As I write this I’m waiting to hear from New Mexico that my father has passed away. He stopped swallowing the other day and was struggling to breathe yesterday. This is the natural progression of advanced dementia and it feels merciless to me.
I am sad. My mom is sad. My sisters are sad. We’re all sad. But at the same time, relief is just a last breath away. We’ve watched him suffer and mourned his loss for the last several years and, while we will always mourn for him, our desire is for him to be Earl again. For his mind to be whole, for his voice to be clear, for his legs to be strong. For him to know nothing but pure delight in the presence of his Jesus. This thought changes sad tears to overwhelming tears of joy.
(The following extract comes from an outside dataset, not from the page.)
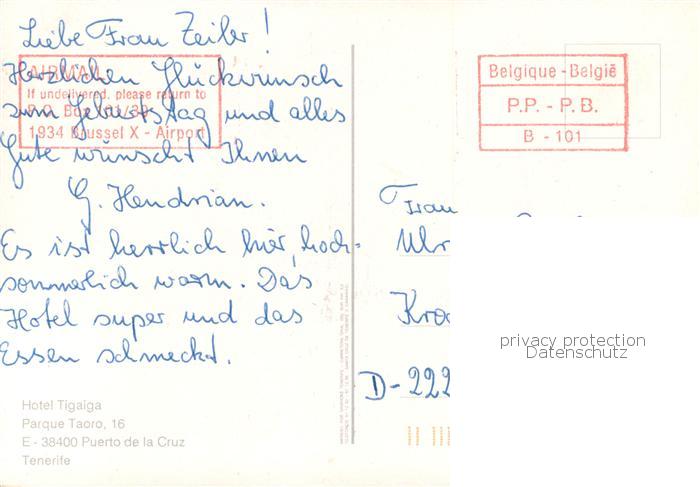 old postcard Puerto-de-la-Cruz Tenerife ES Panorama Hotel Tigaiga Pool Park postalisch gelaufen Erhaltung siehe scans [WerneD78]

I will not be there when he takes his final breath and I’m okay with that. Or maybe I’m just convincing myself that I’m okay with that. But my family is nothing if not pragmatic – maybe even to a fault. In my heart I’ve already said goodbye. And I don’t believe my presence will make any difference to him. Don’t get me wrong. If I was closer I would be there with my mom and sister, but logistically, it’s not realistic to think I can be there in time.
So I wait. I wait to make my flight arrangements. I wait to figure out when to make flight arrangements for Todd and Taylor. Katie is in the final weeks of her junior year of college and she cannot afford to miss school. So I wait to see when the service will be and if it will be possible for her to join us.
And when the waiting is over I will rejoice. I will rejoice in being with my family, no matter the situation. I will rejoice that my precious daddy is no longer suffering. And I will especially rejoice because I am confident in his final destination.
Rejoice in the Lord always. I will say it again: Rejoice!